*Instructions for the task*: Only one span of the material below is wanted. Output it exactly, from the line with "El alcalde de" through the line with "在公司污水处理站,骑行爱好者", without any pictures.

*Extracted data*:

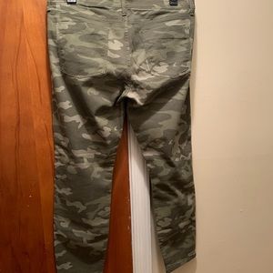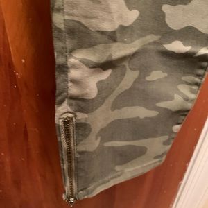 Camouflage jeans with 28” inseam and 32” waist (14). Skinny jeans with ankle zippers. 98% cotton and 2% spandex.
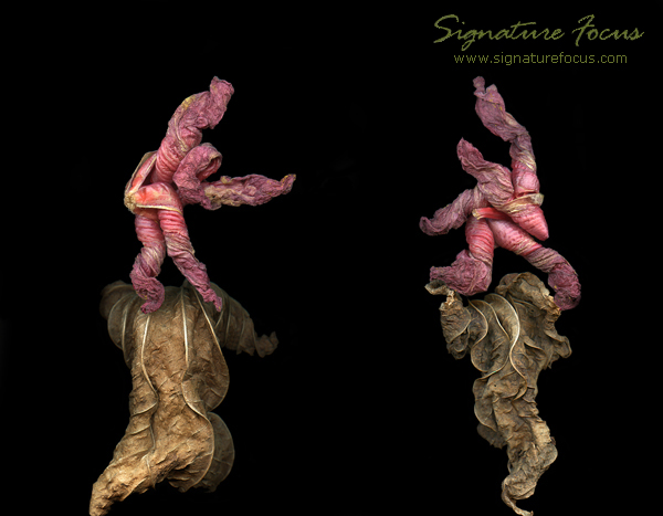 Super heroes’ battle for supremacy. The super heroes were developed from Hibiscus flowers. Each figure is standing on a Dioscorea leaf.
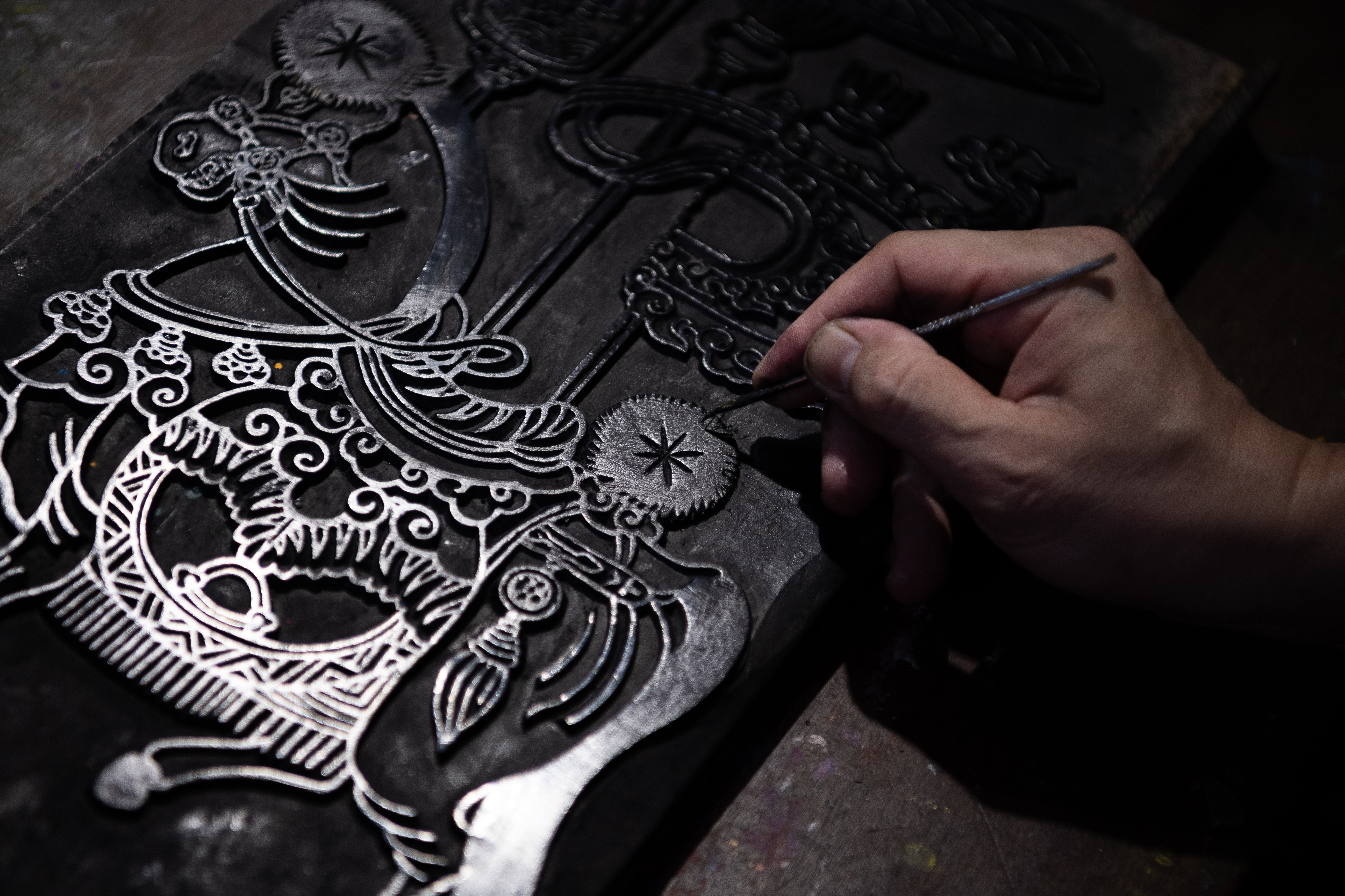 Khi Đào Đình Chung bắt tay phục dựng, anh gần như bắt đầu từ con số không. Không còn mộc bản gốc để khảo sát, không còn nghệ nhân truyền nghề, không có hệ quy chiếu kỹ thuật rõ ràng. Thứ Chung có chỉ là vài bản tranh phai màu nằm rải rác trong bảo tàng, vài ghi chép dân tộc học, và ký ức về sắc đỏ treo trên vách nhà những ngày giáp Tết. Từ những mảnh vụn ấy, anh cùng mọi người kiên trì dựng lại cả một thế giới đã biến mất, một thế giới mà phải vừa hiểu qua tư liệu, vừa cảm qua trực giác. Công việc của anh không thuần nghiên cứu mỹ thuật cổ truyền, cũng không thuần sáng tác, mà là tìm tòi ở vùng ranh giới nơi quá khứ và hiện tại giao nhau.
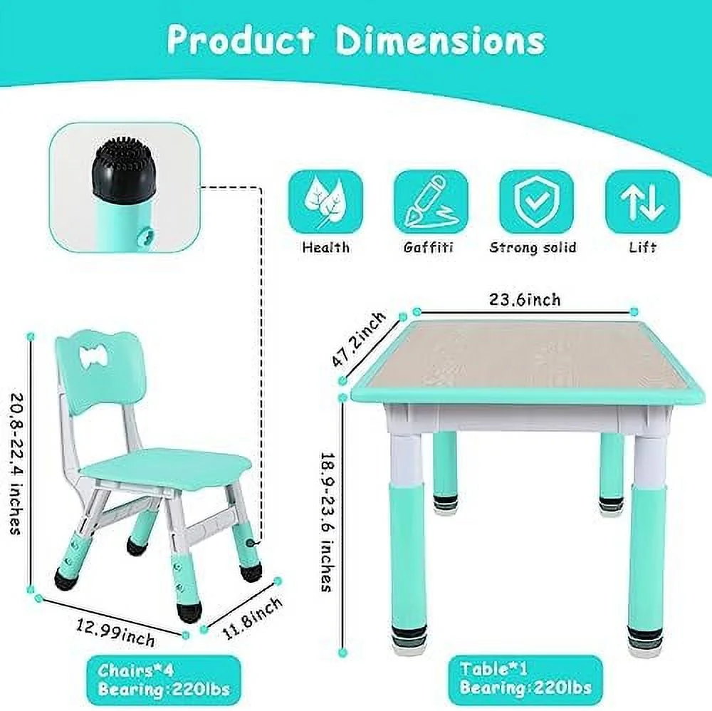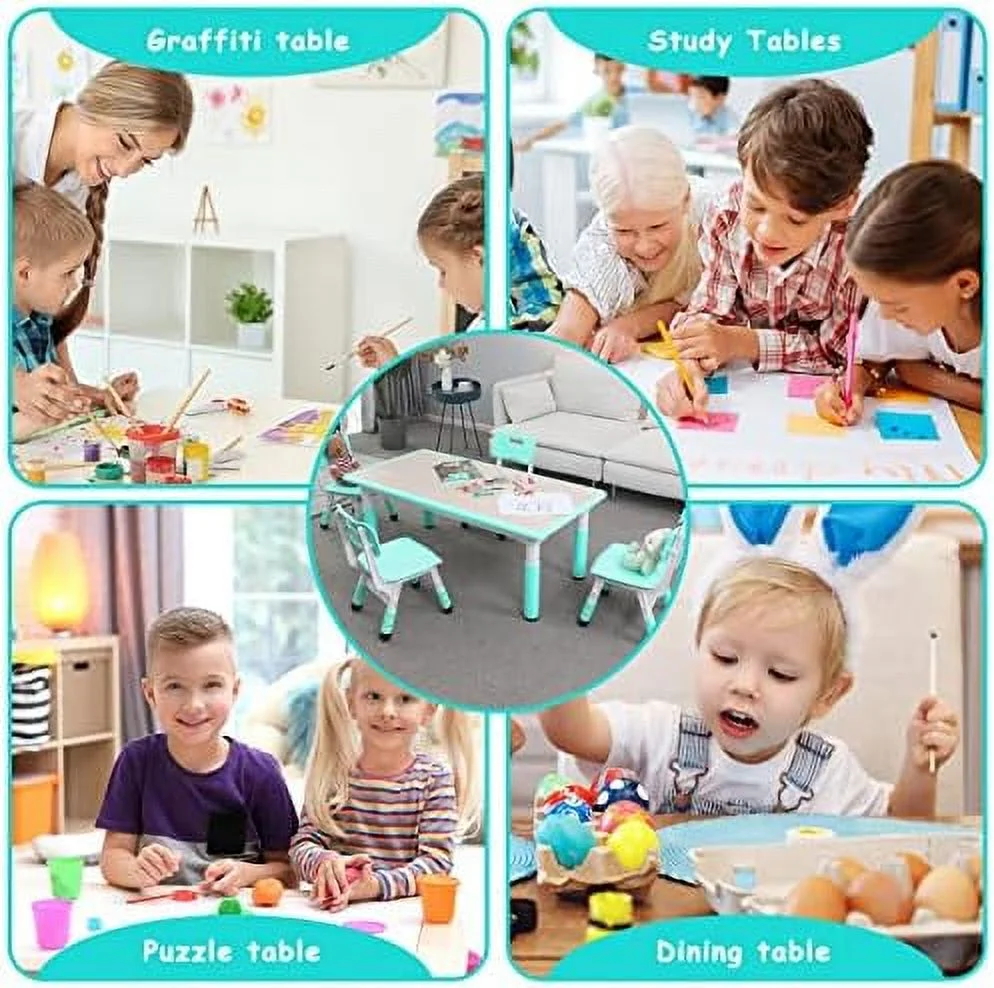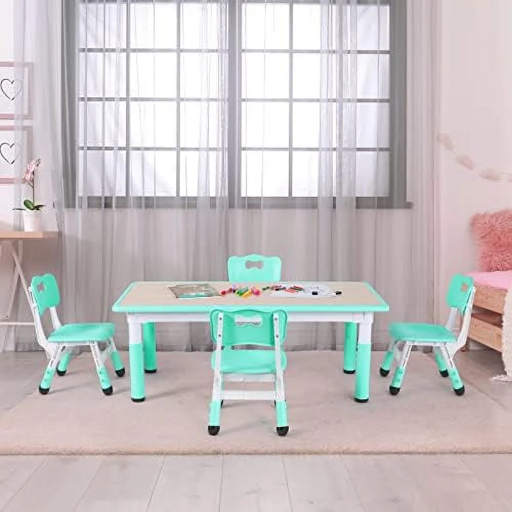 HJZBNONE Big Study Table and 4 Chair Set Height Adjustable Toddler Table and Chair Set for 4 Multifunctional Toddler Table Reading Drawing Eating Interaction (Light Green Long Tabl
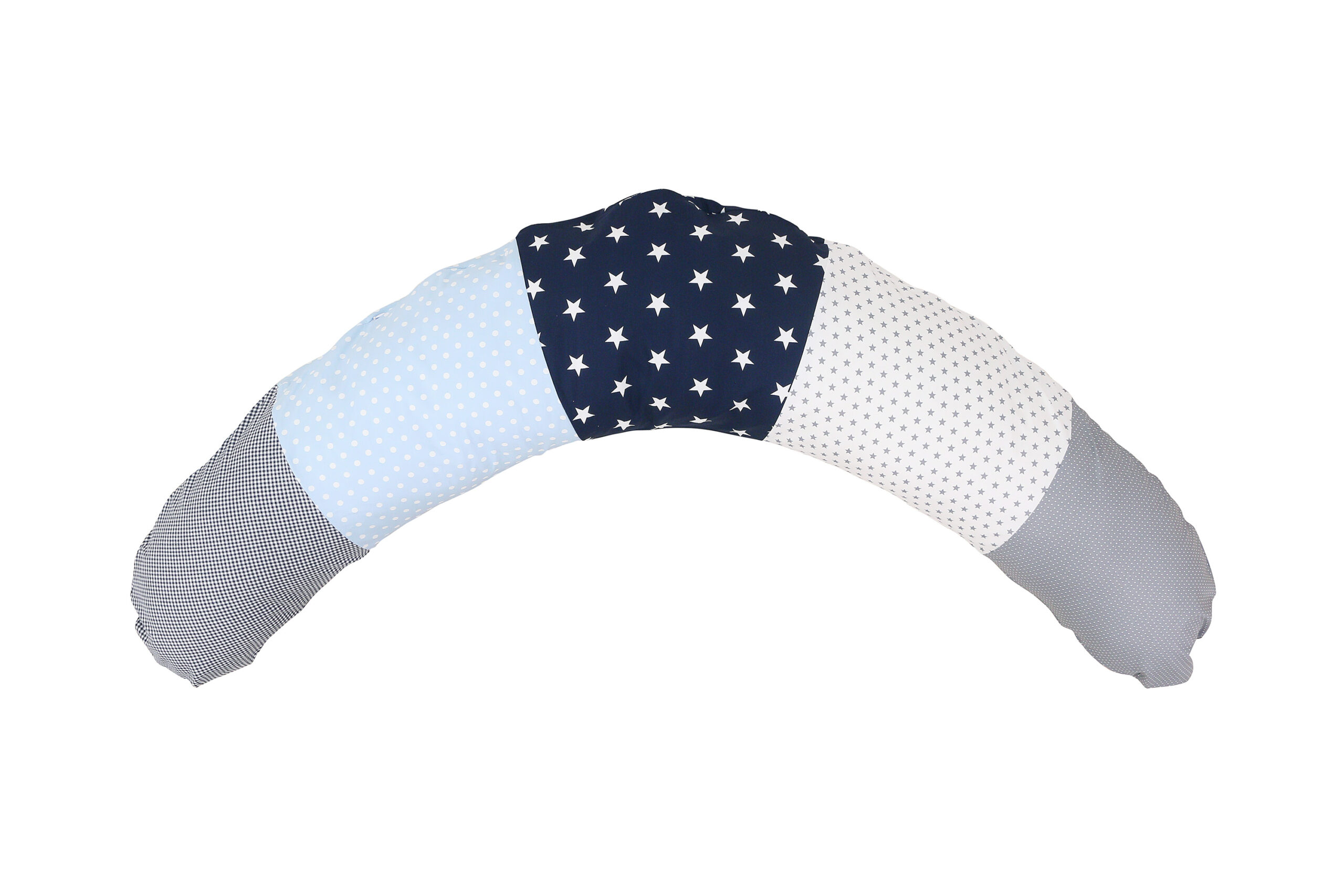 ULLENBOOM® Stillkissen 190×38 cm, Bezug + Inlett – Patchwork, Blau Hellblau Grau – Füllung: Mikrofaserbällchen – Seitenschläferkissen, Ãko & Fair
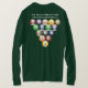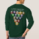 Ein Set Billardbälle in den glänzenden Farben von Gelbem, blau, rot, lila, orange, grünen, bräunen sich und schwärzen, mit grünem Hintergrund, um einer wirklichen Pooltabelle zu ähneln. Die Bälle werden in einem der richtigen Gestelle in standardisiertem AchtBall vereinbart: zwei hintere Eckbälle in den verschiedenen Anzügen, Ball 8 in der Mitte und Spitzenball auf der Fußstelle. Ein Spaß und eine bunte entspannende Illustration für das cueist, den Poolspieler, den Billiardspieler, den Snookerspieler oder den Stichwort-Sportler in Ihrem Leben. Macht auch wunderbaren Dekor für ein Mannhöhlen-, Spielraum-, Billardwohnzimmer-, Poolhallen-, Stangen-, Taverne-, Pub- oder Junggeselle-Party. Fertigen Sie mit Ihren Namen, Lieblingszitat oder anderem Text besonders an.
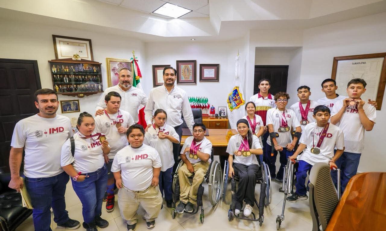 El alcalde de Reynosa, Carlos Peña Ortiz, felicitó y recibió a medallisras quienes acudieron a la Paralimpiada Naiconal CONADE 2025.
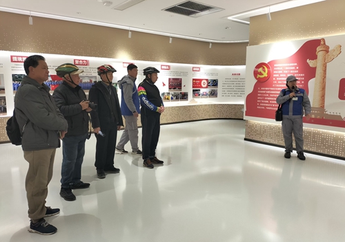 在公司污水处理站,骑行爱好者饶有兴趣地参观污水处理过程并不时提出问题。周楠介绍,公司污水采用协议排放方式,即公司产生的废水经污水处理站初步处理后,按照公司与城市污水处理厂签订的协议排放标准,纳管进入城市污水处理厂再深度处理,最终达标外排。
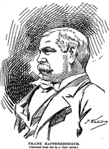 Happersberger's father, Frank Happersberger Sr, was a Bavarian immigrant who moved from New York to San Francisco to join the Gold Rush.[2] In his youth, Frank Jr. worked for the San Francisco firm of Kemp and Hoffman as a wood-carver.[2] For eight years, he studied at a German art academy, and while still in Europe he entered and won a competition to build a monument to the assassinated James A. Garfield.[2] The Garfield sculpture was completed in 1885, and established Happersberger's reputation.[2]
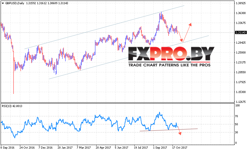 В пользу снижения Британского Фунта выступит пробой линии поддержки на индикаторе относительной силы. Ожидать ускорения падения пары GBP/USD стоит с пробоем нижней границы канала и закрытием ниже уровня 1.2750. Основным событием текущей торговой недели является Решение по основной процентной ставке Банка Англии, которое состоится 2 ноября 2017, ожидается, что ставка изменится с уровня 0.25 до 0.5%, что может оказать поддержку Британскому Фунту.
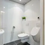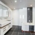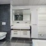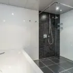 Aan de masterbedroom grenst een royale badkamer (van 2 kanten toegankelijk) met bad, douche, wastafel en toilet . In de hal is nog een toilet aanwezig.

*Output of the exercise*:
 El alcalde de Reynosa, Carlos Peña Ortiz, felicitó y recibió a medallisras quienes acudieron a la Paralimpiada Naiconal CONADE 2025.
 在公司污水处理站,骑行爱好者饶有兴趣地参观污水处理过程并不时提出问题。周楠介绍,公司污水采用协议排放方式,即公司产生的废水经污水处理站初步处理后,按照公司与城市污水处理厂签订的协议排放标准,纳管进入城市污水处理厂再深度处理,最终达标外排。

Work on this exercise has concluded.